如果您正在實際運用此出口商並且能夠有效地使用,請一定告訴我們!!!
验证
検証环境使用vagrant在本地搭建,虽然有点旧,但使用了Ubuntu 14.04.6 LTS。
引入
我参考了以下的文章并努力去做。
https://qiita.com/nekoneck/items/a9deab623da277afc4be
以下是 Github 的存储库:
https://github.com/ncabatoff/process-exporter/blob/master/README.md
这次我们不是用Docker,而是通过二进制文件进行安装。
首先,您需要手动下载并解压缩。
$ curl -LO https://github.com/ncabatoff/process-exporter/releases/download/v0.2.11/process-exporter_0.2.11_linux_amd64.tar.gz
$ tar xvf process-exporter_0.2.11_linux_amd64.tar.gz
这样做的话,以下文件将会被解压缩。
$ ls
LICENSE README.md process-exporter process-exporter_0.2.11_linux_amd64.tar.gz
启动
我们将把process-exporter作为可执行文件。实际上,我们将使用标志来执行它,让我们看看有什么选项可用。
$ ./process-exporter -h
Usage of ./process-exporter:
-children
if a proc is tracked, track with it any children that aren't part of their own group (default true)
-config.path string
path to YAML config file
-man
print manual
-namemapping string
comma-seperated list, alternating process name and capturing regex to apply to cmdline
-once-to-stdout
Don't bind, instead just print the metrics once to stdout and exit
-procfs string
path to read proc data from (default "/proc")
-procnames string
comma-seperated list of process names to monitor
-recheck
recheck process names on each scrape
-threads
report on per-threadname metrics as well
-web.listen-address string
Address on which to expose metrics and web interface. (default ":9256")

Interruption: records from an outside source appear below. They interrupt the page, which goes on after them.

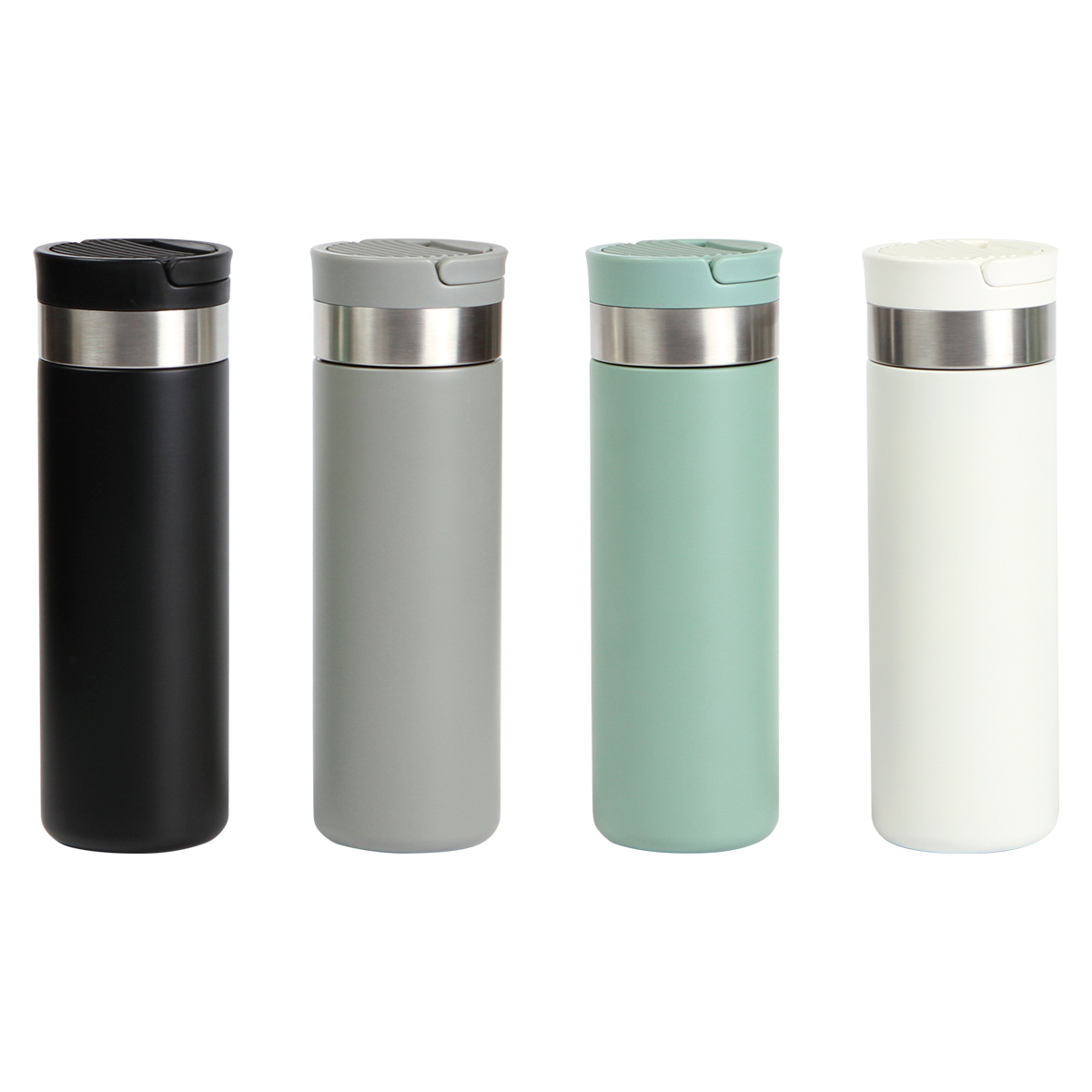 Termo Aopo. - Termo de acero inoxidable doble pared, con pastillero, rejilla para te y porta celular en la tapa. Fabricado en materiales de grado alimenticio, mantiene bebidas frías o calientes por un largo tiempo. No usar en microondas. Capacidad de 500 ml. Incluye caja de cartón individual.
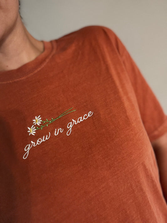Grow In Grace Daisies Embroidered Tee - Yam
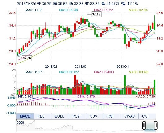 | 最 高: | 36.92 | 成交額: | 5.04億元 | 換手率: | 4.97% |
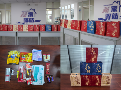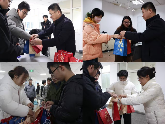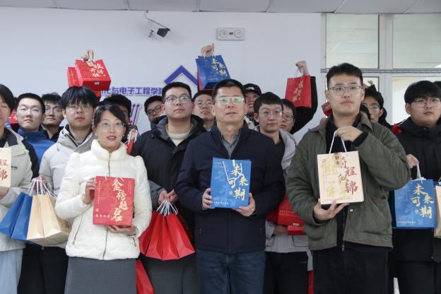 刘名森、张郁浩、全体辅导员亲手将装满关怀的考研大礼包送到每一位考研毕业生代表手中。礼包内精心准备了旺旺雪饼、薯片、士力架等能量零食,耳塞、眼罩、口罩、暖宝宝、面巾纸等实用生活用品,以及签字笔、格尺、小刀、涂卡笔等备考文具,更有承载美好祝愿的祈福香囊,每一份物品都饱含着Netflav
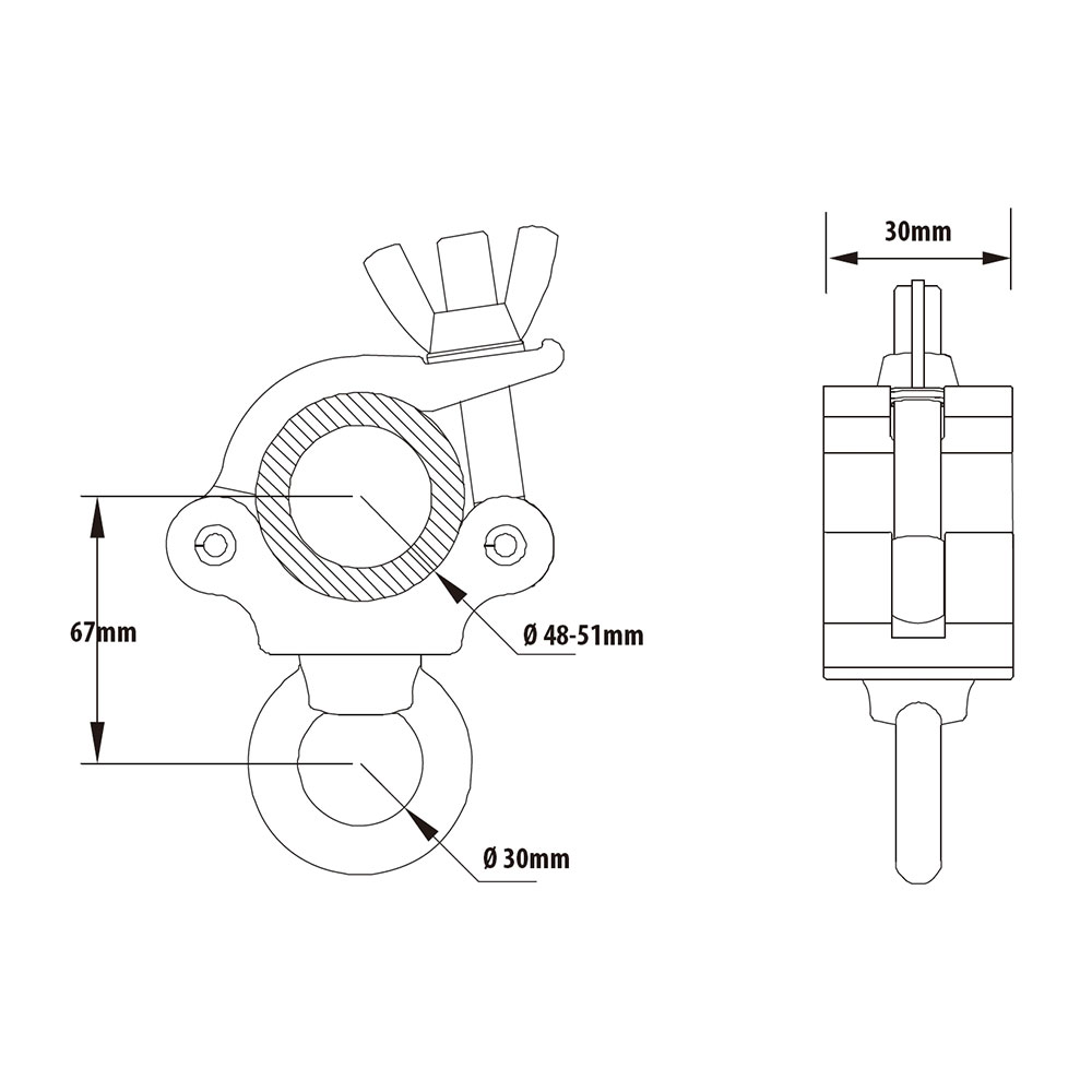 The overall structure of KUPO 2" Narrow Single Arm Buckle with M12 Lifting Ring (KCP-823B) is made of high-strength 6061-T6 aluminum alloy material through aluminum extrusion molding, which is quite durable. The inner diameter of the M12 lifting ring is 30mm (1.18"). It can be rotated 360 degrees and can be used as a suspension connection point. This narrow version of the hook can load up to 300 kg (660lbs), only 500 grams (1.1lbs), and the suitable pipe diameter is 48~51mm (1.89"~2.0"). It has passed the German TUV safety certification. The butterfly knob is provided It has a good force point for both hands and can be locked firmly without additional tools. The end of the single eye screw has broken teeth to prevent the butterfly knob from falling. It is especially suitable for stage performances, theaters, studios and other applications.
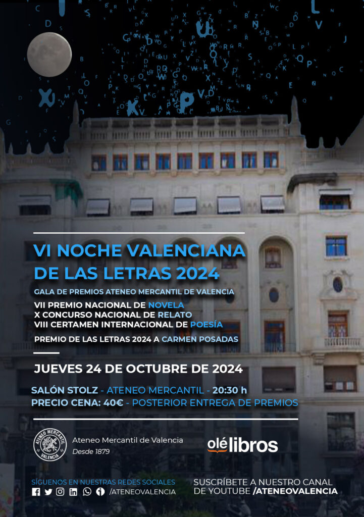 El Ateneo Mercantil de Valencia se pone de gala este jueves 24 de octubre para otorgar sus premios literarios en la VI edición de la Noche Valenciana de las Letras donde se darán a conocer los ganadores del 'VII Premio Nacional de Novela Ateneo Mercantil de Valencia', el 'X Concurso Nacional de Relato' y el 'VIII Certamen de Poesía'.

-web.telemetry-path string
Path under which to expose metrics. (default "/metrics")
基本上可以选择读取外部配置文件或者使用-procnames参数来执行。
这个设定我觉得有些难以理解,这就是我认为这次有些微妙的原因。
首先,让我们来看一下这次要针对的进程。我们将以PostgreSQL的进程为对象来进行观察。
$ ps -ef |grep -v grep | grep postgres
postgres 21127 1 0 Apr15 ? 00:00:00 /usr/lib/postgresql/9.3/bin/postgres -D /var/lib/postgresql/9.3/main -c config_file=/etc/postgresql/9.3/main/postgresql.conf
postgres 21129 21127 0 Apr15 ? 00:00:00 postgres: checkpointer process
postgres 21130 21127 0 Apr15 ? 00:00:00 postgres: writer process
postgres 21131 21127 0 Apr15 ? 00:00:00 postgres: wal writer process
postgres 21132 21127 0 Apr15 ? 00:00:00 postgres: autovacuum launcher process
postgres 21133 21127 0 Apr15 ? 00:00:01 postgres: stats collector process
我已经配置了config文件。根据github的描述,comm似乎是从/proc/{pid}/stat的第二列提取的。
# comm is the second field of /proc/<pid>/stat minus parens.
# It is the base executable name, truncated at 15 chars.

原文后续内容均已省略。